HYBRID POWER SYSTEMS
A hybrid power system is nothing but a system that uses more than one source to produces electrical energy. Apart of the existing system in which tying up of outputs of different generating stations, here the different sources of energy are tied up at the point of production that is using two or more fuels for the same device, that when integrated, overcome limitations inherent in either
INTRODUCTION TO WIND ENERGY
Wind result from air in motion. Air in motion arises from a pressure gradient. On a global basis one primary forcing function causing surface winds from the poles toward the equator is convective circulation. Solar radiation heats the air near the equator, and this low density heated air is buoyed up. At the surface it is displaced by cooler more dense higher pressure air flowing from the poles. In the upper atmosphere near the equator the air thus tend to flow back toward the poles and away from the equator. The net result is a global convective circulation with surface wins from north to south in the northern hemisphere.

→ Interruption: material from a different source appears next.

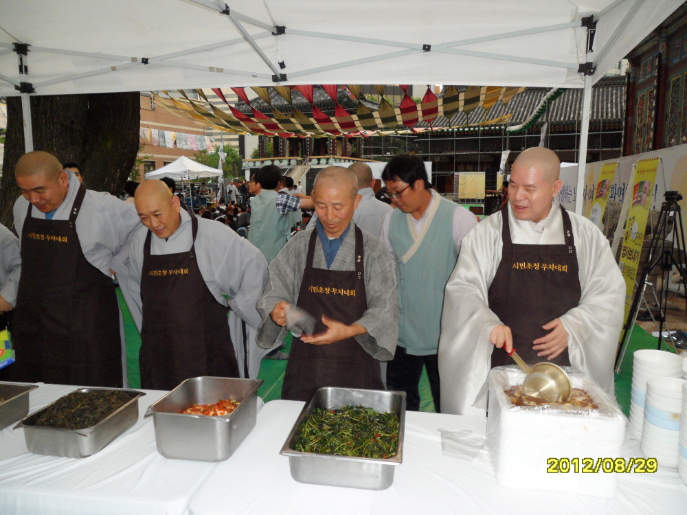 - [서울] 노동자와 함께하는 시민초청 무차대회 주 최 : 대한불교조계종 자성과쇄신결사추진본부 주 관 : 대한불교조계종 자성과쇄신결사추진본부, 비정규직 없는 세상만들기 네트워크 정리해고 . 비정규직. 노조탄압 없는 세상을 향한 투쟁사업장 공동투쟁단. 장 소 : 대한불교조계종 조계사 일 시 : 불기 2556년(2012) 8월29일 수요일 오후 6시 30분~10시. 후 원 : 대한불교조계종 종무원조합, 전국민주노동조합연맹, 쌍용자동차 희생자추모와 해고자복직을 위한 범국민대책위원회. 식 순 1부 : 노동자를 부처님으로 사회 (양한웅 대한불교조계종 자성과쇄신결사추진본부 통합사업팀장) 희생노동자를 위한 추모 타종및 묵념 인사말 : 자승스님(대한불교조계종 총무원장), 전국민주노동조합총연맹 수석부위원장. 저녁공양 (스님들께서 정성껏 대접하는 맛있는 식사. 2부 : 노동자, 불교와 만나다 사회 (일감스님 대한불교조계종 총무원 재무부장) 환영마당. 인사말 (도법스님, 종호스님) 발언 (통일문제연구소장) 공연 발언 편지글 서원문 (동환스님) 가수공연 폐회 및 전체율동 * 참여하여 봉사해주신 대한불교조계종 포교사단 서울지역단 포교사님들께 진심으로 감사드립니다.* 취재 남부총괄팀장 한애경 법용화 무차대회(無遮大會)란? 승속과 노소, 귀천을 가리지 않고 누구나 자유롭게 참여하여 법문을 듣고 잔치를 열어 물건을 베푸는 일종의 법회이다. 모든 중생에게 불법의 공덕이 골고루 미치도록 잔치를 즐기고 시주자가 물건을 베풀며 불경을 강의하였다. 불교의 무차대회는 보시정신에 근거하여 부처님의 덕과 자비를 모두에게 나누어 주는 신앙적 의미도 있다. 무차회의 기원은 인도 아쇼카왕(BC268~232년) 시대로 거슬러 올라간다. 아쇼타왕이 선지식을 모시고 차별없이 재물과 불법을 보시하는 자리를 마련했던 것이 무차대회의 시작이다. 중국 삼장법사 현장스님도 승려들 간의 논쟁을 불식시키기 위해 무차회를 연 적이 있다. 우리나라에서는 신라시대 때 무차회를 열었다는 기록이 남아있으며 고려사에는 태조23년 신흥사 공신당을 신축할 때 무차대회가 열렸고 의종 19년의 궁중 무차대회, 고종3년 미륵사 공신전 중수 후 무차대회가 열렸다는 기록이 있다. 근, 현대에 들어와서는 1896년 스님들의 도성출입 제한 해제를 기념하여 한국과 일본의 스님들이 공동으로 경서(현 서울)에서 수일간 열었으며 이후 전국의 사찰에서 크고 작은 무차회가 개최되었다. 1912년 방한암스님이 금강산 건봉사에서 무차선회회를 가진 이후 맥이 끊겼다가 1998년 장성 백양사에서 서옹스님의 원력에 의해 바른 법을 세우기 위한 대화의 장이 복원됐다. [화엄경에서의 '무차대시회' 언급] "온갖 살림살이에 소용되는 물건들을 보시하는 무차대시회를 베풀 때 그 가운데 중생의 갖가지 복밭들이 먼 데서 왔거나 가까운 데서 왔거나 어질거나 어리석거나 아름답거나 추하거나 남자거나 여자거나 사람이거나 아닌 것이거나 마음과 행동이 같지 않고 구하는 바가 저마다 다르더라도 평등하게 베풀어 모두 만족케 한다."
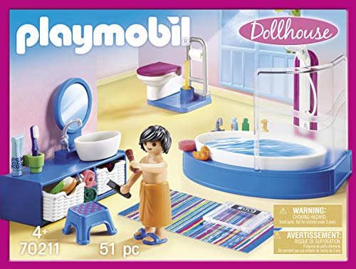 Lieferumfang: 1x PLAYMOBIL Dollhouse Badezimmer, 51-teiliges Spielfiguren-Set mit Anleitung: 1 Duschbadewanne, 1 Schrank, 1 Abtritt, 1 Figur, 47 Zubehörteile, Material: Kunststoff, Angepasst aufstellbar, LxTxH Duschbadewanne: 11x7x9,5 cm, Gewicht: 128 g, 70211

There is the further complication of boundary layer frictional effects between the moving air and the earth’s rough surface. Mountains, trees, buildings, and similar obstructions impair stream line air flow. Turbulence results and the wind velocity in a horizontal direction markedly increase with altitude near the surface.
Local winds are caused by two mechanisms. The first is differential heating of land and water. Solar isolation during the day is readily converted to sensible energy of the land surface but is partly absorbed in layers below the water surface and partly consume in evaporating some of that water. The land mass becomes hotter than the water, which causes the air above the land to heat up and become warmer than the air above water. The warmer lighter air above the land rises and the cooler heavier air above the water moves into replace it. This is the mechanism of shore breezes. At night, the direction of the breezes is reversed because the land mass cools to the sky more rapidly than the water, assuming a sky. The second mechanism of local winds is caused by hills and mountain sides. The air above the slopes heats up during the day and cools down at night, more rapidly than the air above the low lands. This causes heated air the day to rise along the slopes and relatively cool heavy air to flow down at night.
WIND ENERGY CONVERSION
Traditional windmills were used extensively in the middle Ages to mill grain and lift water for land drainage and watering cattle. Wind energy converters are still used for these purposes today in some parts of the world, but the main focus of attention now lies with their use to generate electricity. There is also growing interest in generating heat from the wind for space and water heating and for glass-houses but the potential market is much smaller than for electricity generation.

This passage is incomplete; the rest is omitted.